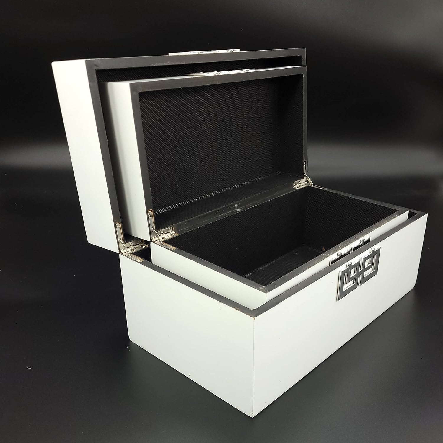Galt International Storage Box Set Decorative Storage Box w/Hinged Lid Classic Design Wood Decor Boxes with Geometric Clasp Storage for Bedroom & Home - Set of 2 (White & Silver)
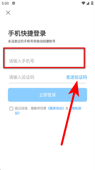 3、在手机快捷登录页面,输入手机号,点击发送验证码。
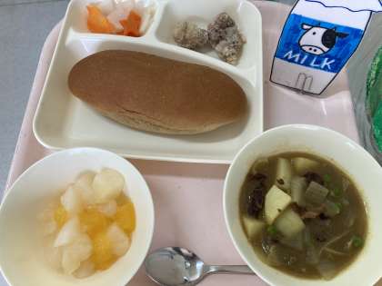 フライドチキン カレーシチュー お祝いピクルス フルーツゼリー 黒糖パン 牛乳
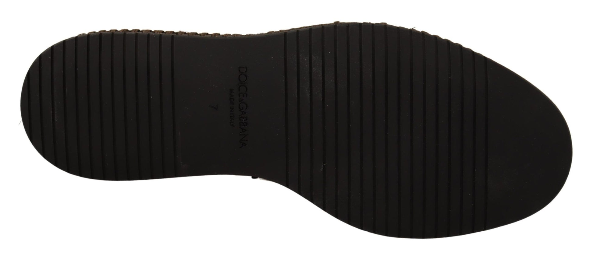Indulge in the fusion of luxury and comfort with our Dolce & Gabbana espadrilles. Crafted from supple velvety suede with a sneaker-inspired silhouette, these cream-colored shoes are a testament to fine Italian craftsmanship. Trimmed with premium leather for an added touch of elegance, they come equipped with a handy back loop for ease of wear. Whether stepping out for a casual day or elevating your weekend style, these espadrilles with their signature logo detailing are the epitome of laid-back luxury.
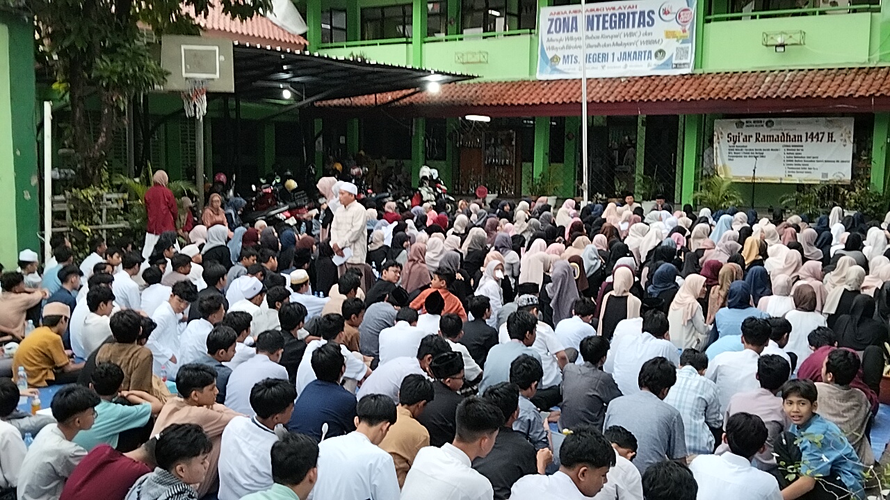 Jakarta—12 Maret 2026. Madrasah Tsanawiyah Negeri 1 Jakarta mengadakan kegiatan buka bersama yang dilaksanakan di lapangan Madrasah Tsanawiyah Negeri 1 Jakarta dan diikuti oleh seluruh siswa/i kelas 7, 8, dan 9.
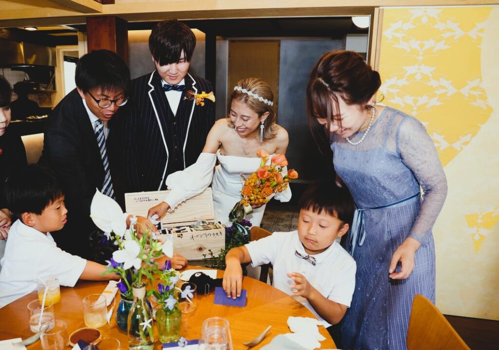 パーティーの中盤では、海外ウェディングでも人気の「ワインBOXセレモニー」を取り入れました。
******
- PROBLEM TO WORK ON -
Set down the material above exactly as it reads, but not its pictures.

- ANSWER -
Galt International Storage Box Set Decorative Storage Box w/Hinged Lid Classic Design Wood Decor Boxes with Geometric Clasp Storage for Bedroom & Home - Set of 2 (White & Silver)
 3、在手机快捷登录页面,输入手机号,点击发送验证码。
 フライドチキン カレーシチュー お祝いピクルス フルーツゼリー 黒糖パン 牛乳
Indulge in the fusion of luxury and comfort with our Dolce & Gabbana espadrilles. Crafted from supple velvety suede with a sneaker-inspired silhouette, these cream-colored shoes are a testament to fine Italian craftsmanship. Trimmed with premium leather for an added touch of elegance, they come equipped with a handy back loop for ease of wear. Whether stepping out for a casual day or elevating your weekend style, these espadrilles with their signature logo detailing are the epitome of laid-back luxury.
 Jakarta—12 Maret 2026. Madrasah Tsanawiyah Negeri 1 Jakarta mengadakan kegiatan buka bersama yang dilaksanakan di lapangan Madrasah Tsanawiyah Negeri 1 Jakarta dan diikuti oleh seluruh siswa/i kelas 7, 8, dan 9.
 パーティーの中盤では、海外ウェディングでも人気の「ワインBOXセレモニー」を取り入れました。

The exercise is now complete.